如果说一个人是话唠,旁边的人大约知道这个人一定很爱说话。钟飙就是这样一个人,但他是用作品唠叨。“画唠”是他的一位朋友给他的评价,精简准确。回顾钟飙的作品历程,密集程度令人咂舌。这是一个很奇特的时代,网络信息大爆炸,理应人人成为话唠,但更多的人,只是迷失在信息中,找不到重点所在。而钟飙却总能找到他所想表达的重点,正如他即将送往苏州参展的作品一样,在慢节奏的苏州园林和威尼斯河岸上方,一架协和超音速飞机掠过画面,那是人类因为一味追求快而最终夭折的机型。那些诸多故事背后的盘根错节,往往容易被大家忽略,但钟飙则会不厌其烦地将其画出来,成为画唠。

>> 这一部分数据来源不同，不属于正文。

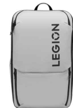
Lenovo Legion 17" Gaming Backpack GB800 (Light Gray)
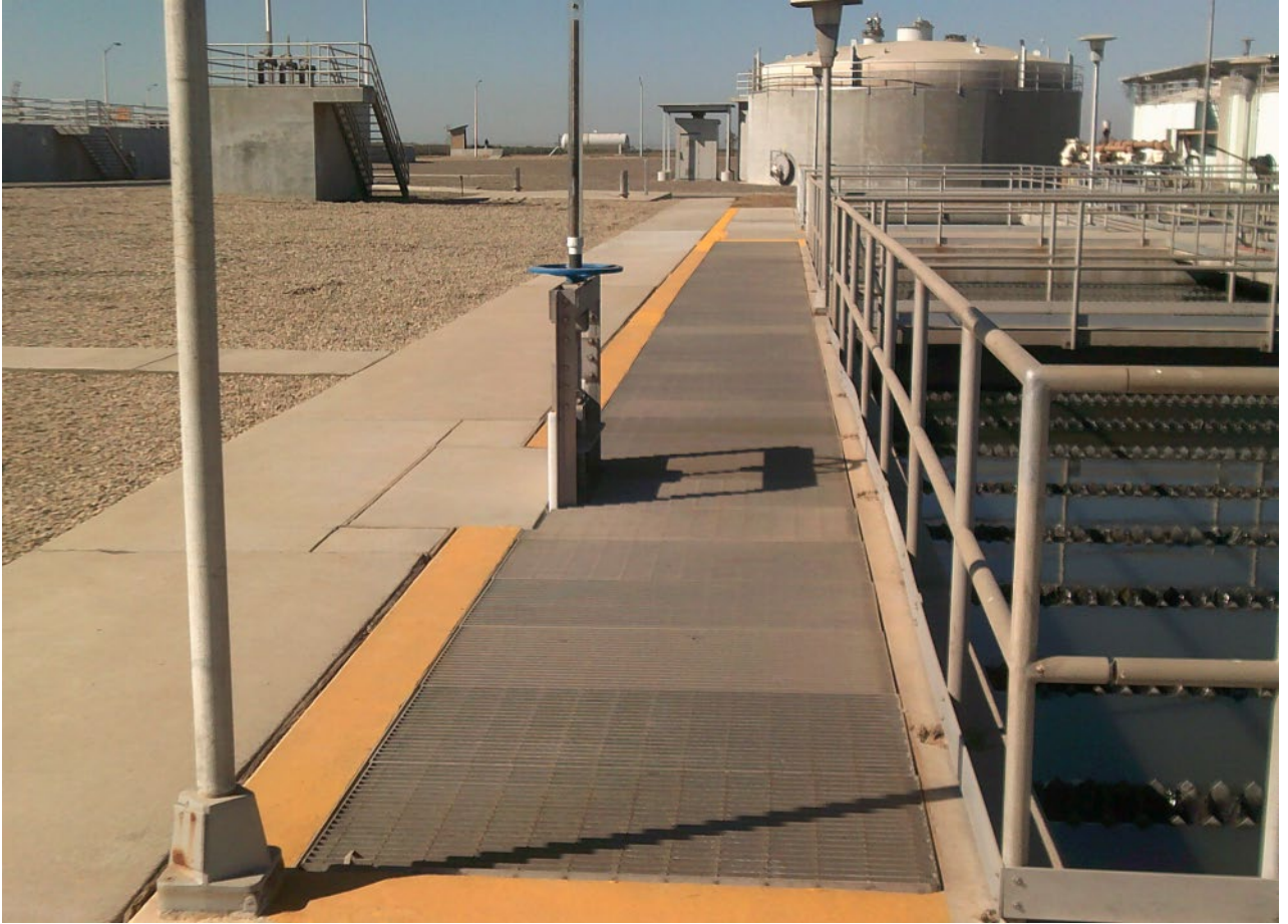
Figure 6: Concrete Repair and Coating
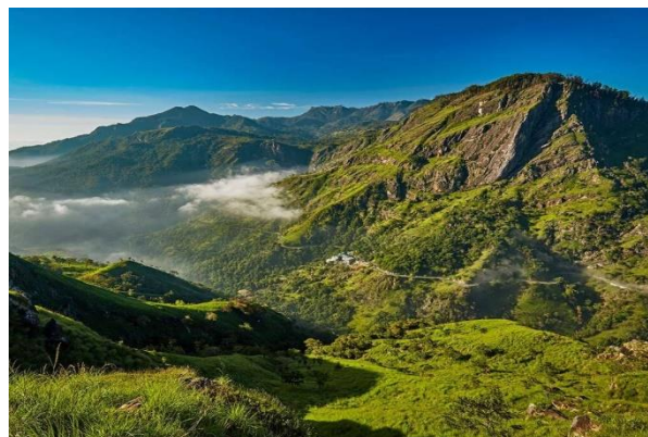
Little Adams Peak, Ella
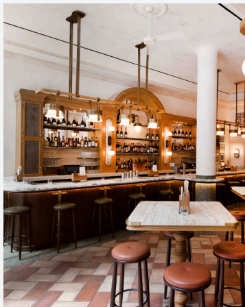
Vini e Fritti
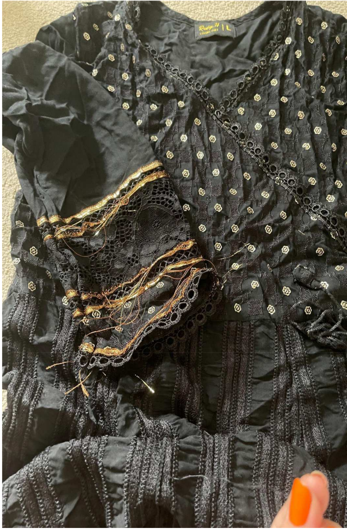
Figure 7. The salwar kameez after two washes. Photo by the authors, 17 October 2022.

nuanced consumer identities all contribute to a rich tapestry of diasporic fashion practices. To further illustrate these dynamics, we now turn to the personal stories of our informants, Zeenat and Miriam. Their lived experiences provide a deeper insight into how these macro trends manifest in individual lives and practices, thus highlighting the personal and communal dimensions of fashion within the South Asian diaspora.
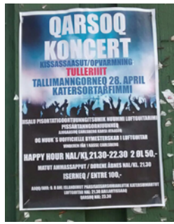
Figure 18: Concert

An extremely salient example of this emphasis on physical activity as a key element of the community domain in Nuuk is the announcement of a shopping complex currently under construction in the city centre (on the the plot of the notorious block P, a large council house building where significant numbers of rural Greenlanders were settled by the Danish government in the 1960s). The shopping centre will have an English name, Playground (Figure 19). As in leisure posters like that shown in Figure 17, the images accompanying the names of the shops to be featured in the shopping complex are basketball players and BMX cyclists. As in the case of the posters shown in Figures 17 and 18, these images reflect the message that urban people in Nuuk are physically active and in control, whether it be in Greenlandic or English.
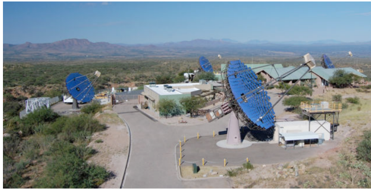
Figure 1: The VERITAS array of imaging atmospheric-Cherenkov telescopes in Arizona.

threshold, allowing its science goals to be accomplished more quickly and enabling fresh looks at topics previously addressed by VERITAS.
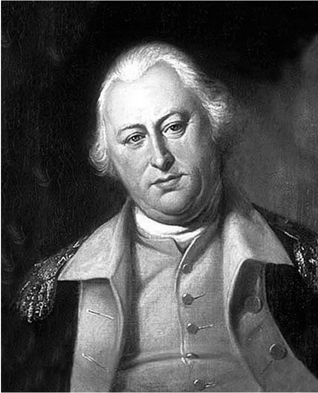
Maj. Gen. Benjamin Lincoln
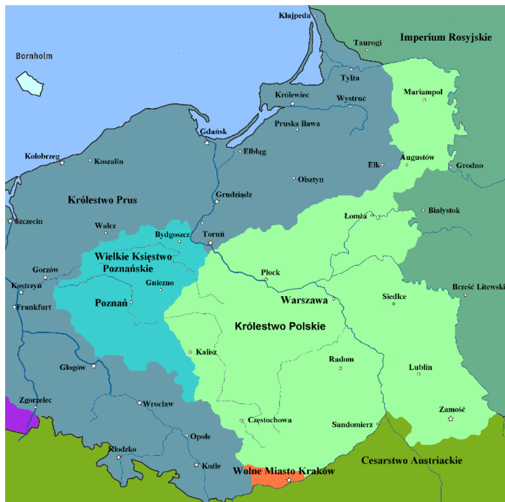
Map 3. The Polish Kindom 1815-1832

Source: Położenie Królestwa Polskiego, Wikipedia, https://pl.wikipedia.org/wiki/Kr%C3%B3lestwo_Polskie_(kongresowe)#/media/File:Congress_Poland_in_1815.PNG
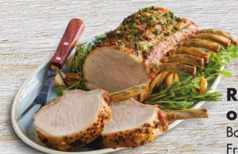
Rack of Pork Bone-In. French Cut.
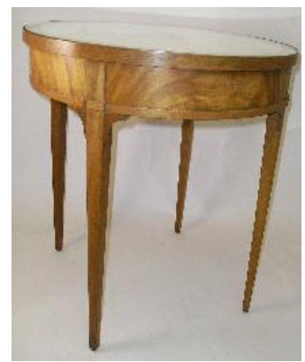
Lot # 83

83 19th century mahogany circular side table.
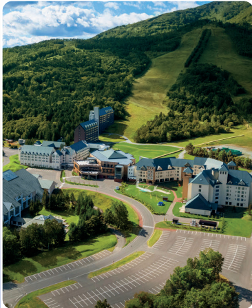
All-inclusive Stay at Club Med

*Special price applicable for this package only | Tour services are provided by C.P. Holiday Co., Ltd.

采访期间,他刚从威尼斯回国,在威尼斯圣玛利亚教堂做了一个大型个展。问他如何看待越来越多的大型国际展,他只说“各尽所能,各取所需”,“幻真的宇宙-2013威尼斯钟飙艺术现场”就是他倾尽所能的结果。看客眼中所观,是这次个展的宏大与多媒体整合,却不知,在其背后,曲折的过程差点令展览夭折。钟飙说,个展筹备期间,他动用其身边的所有资源来完成目标,其强烈愿望和坚定的决心,感动了许多相关的人,但实际上,资源却是虚虚实实,不断变化,当你带着似乎已确定的A资源与B资源谈合作时,A资源可能已经悄然撤退,自己还在游说时不知不觉已变成忽悠者。一句简单的玩笑,显足背后的无奈。钟飙说各路人马开工作会议的时候,发现自己是里面最笨的人,大家经常在他弄懂过程之前,就已达成某种结果的一致,但他很乐观,说这才是真正遇到机会了,如果自己总是团队里最聪明的人时,说明所处环境的格局小了。姿态颇为学习。对于身边的一切,钟飙会比较细腻,注意到细微的变化,而这样的视角,与他的时空观密不可分。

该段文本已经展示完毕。